Dataset records:

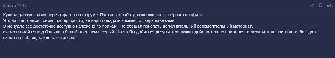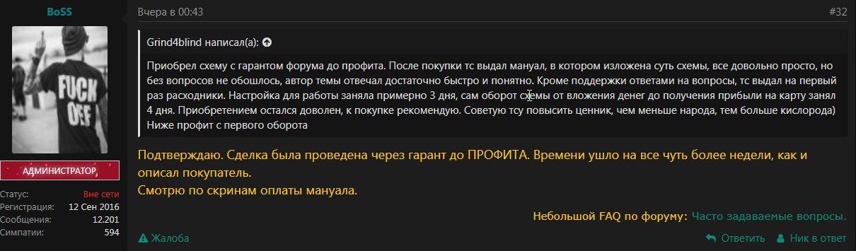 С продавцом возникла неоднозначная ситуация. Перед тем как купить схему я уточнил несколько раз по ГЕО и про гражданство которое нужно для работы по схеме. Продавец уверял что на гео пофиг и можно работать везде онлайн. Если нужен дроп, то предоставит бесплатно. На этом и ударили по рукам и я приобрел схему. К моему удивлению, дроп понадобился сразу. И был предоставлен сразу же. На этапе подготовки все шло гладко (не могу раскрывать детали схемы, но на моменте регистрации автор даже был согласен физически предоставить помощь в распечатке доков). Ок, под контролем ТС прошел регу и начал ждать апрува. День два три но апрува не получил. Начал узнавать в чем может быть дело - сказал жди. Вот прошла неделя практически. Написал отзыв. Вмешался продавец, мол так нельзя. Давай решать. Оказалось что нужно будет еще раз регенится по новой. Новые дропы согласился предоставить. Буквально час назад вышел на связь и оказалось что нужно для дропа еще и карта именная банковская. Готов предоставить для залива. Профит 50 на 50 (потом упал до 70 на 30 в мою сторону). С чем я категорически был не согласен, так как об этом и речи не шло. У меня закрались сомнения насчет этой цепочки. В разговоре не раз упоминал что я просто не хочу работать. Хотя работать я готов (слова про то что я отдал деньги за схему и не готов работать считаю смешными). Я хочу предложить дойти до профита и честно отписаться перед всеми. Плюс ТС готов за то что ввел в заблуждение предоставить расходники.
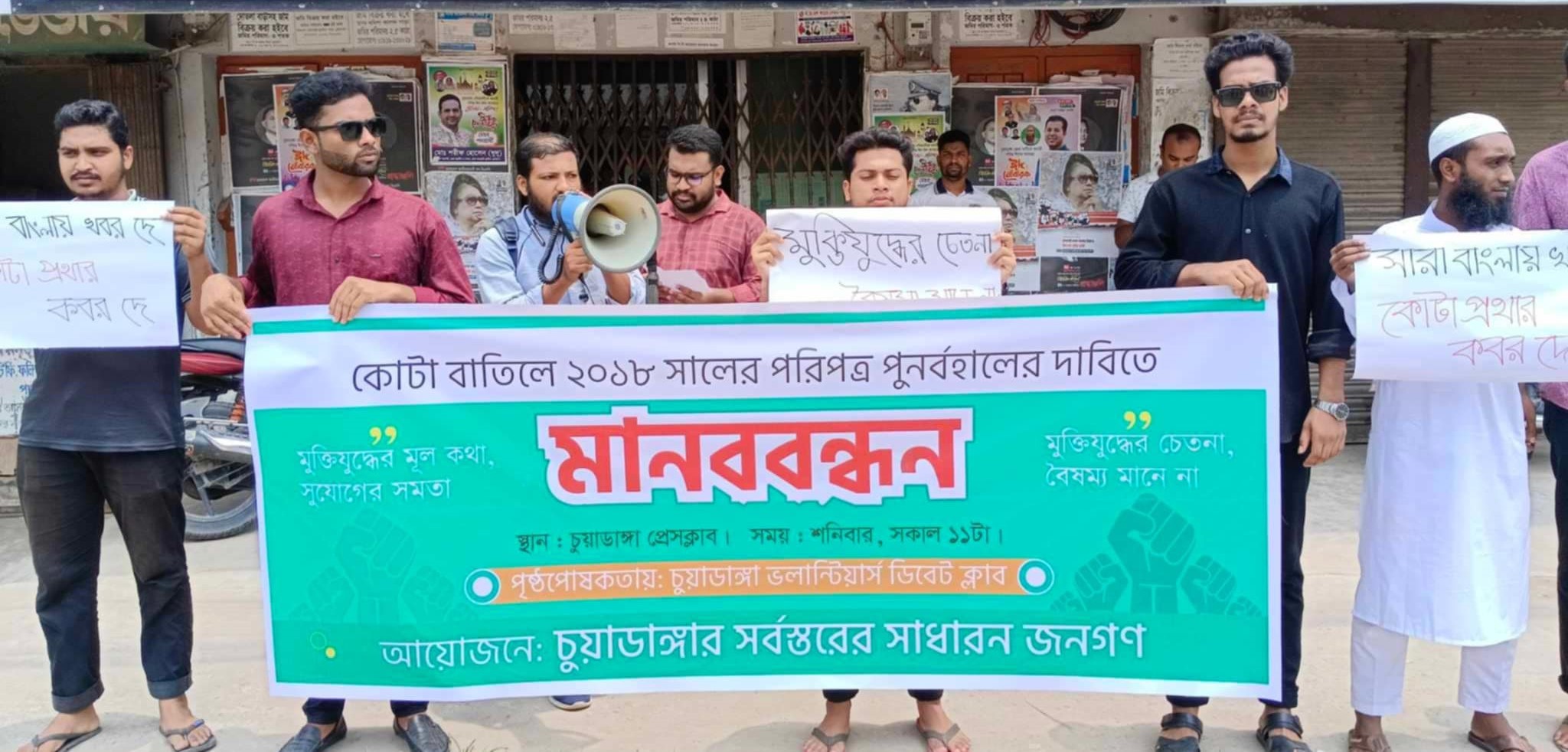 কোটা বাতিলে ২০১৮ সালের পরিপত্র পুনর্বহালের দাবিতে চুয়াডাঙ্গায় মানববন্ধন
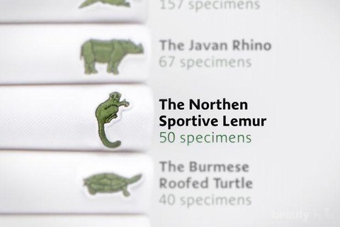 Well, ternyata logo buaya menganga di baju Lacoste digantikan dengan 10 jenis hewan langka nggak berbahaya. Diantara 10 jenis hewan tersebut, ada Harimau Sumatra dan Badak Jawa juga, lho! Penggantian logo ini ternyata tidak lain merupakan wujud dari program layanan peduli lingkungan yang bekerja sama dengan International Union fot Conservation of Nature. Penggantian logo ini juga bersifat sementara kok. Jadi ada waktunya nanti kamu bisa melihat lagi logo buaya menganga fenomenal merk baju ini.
* * *
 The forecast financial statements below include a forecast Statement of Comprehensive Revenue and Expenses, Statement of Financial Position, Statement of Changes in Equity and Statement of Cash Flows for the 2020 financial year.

Exercise brief:
To complete this exercise, transcribe exactly the lines above from the one that holds "С продавцом возникла" through the one that holds "কোটা বাতিলে ২০১৮". Pictures stay out.

Solved problem:
 С продавцом возникла неоднозначная ситуация. Перед тем как купить схему я уточнил несколько раз по ГЕО и про гражданство которое нужно для работы по схеме. Продавец уверял что на гео пофиг и можно работать везде онлайн. Если нужен дроп, то предоставит бесплатно. На этом и ударили по рукам и я приобрел схему. К моему удивлению, дроп понадобился сразу. И был предоставлен сразу же. На этапе подготовки все шло гладко (не могу раскрывать детали схемы, но на моменте регистрации автор даже был согласен физически предоставить помощь в распечатке доков). Ок, под контролем ТС прошел регу и начал ждать апрува. День два три но апрува не получил. Начал узнавать в чем может быть дело - сказал жди. Вот прошла неделя практически. Написал отзыв. Вмешался продавец, мол так нельзя. Давай решать. Оказалось что нужно будет еще раз регенится по новой. Новые дропы согласился предоставить. Буквально час назад вышел на связь и оказалось что нужно для дропа еще и карта именная банковская. Готов предоставить для залива. Профит 50 на 50 (потом упал до 70 на 30 в мою сторону). С чем я категорически был не согласен, так как об этом и речи не шло. У меня закрались сомнения насчет этой цепочки. В разговоре не раз упоминал что я просто не хочу работать. Хотя работать я готов (слова про то что я отдал деньги за схему и не готов работать считаю смешными). Я хочу предложить дойти до профита и честно отписаться перед всеми. Плюс ТС готов за то что ввел в заблуждение предоставить расходники.
 কোটা বাতিলে ২০১৮ সালের পরিপত্র পুনর্বহালের দাবিতে চুয়াডাঙ্গায় মানববন্ধন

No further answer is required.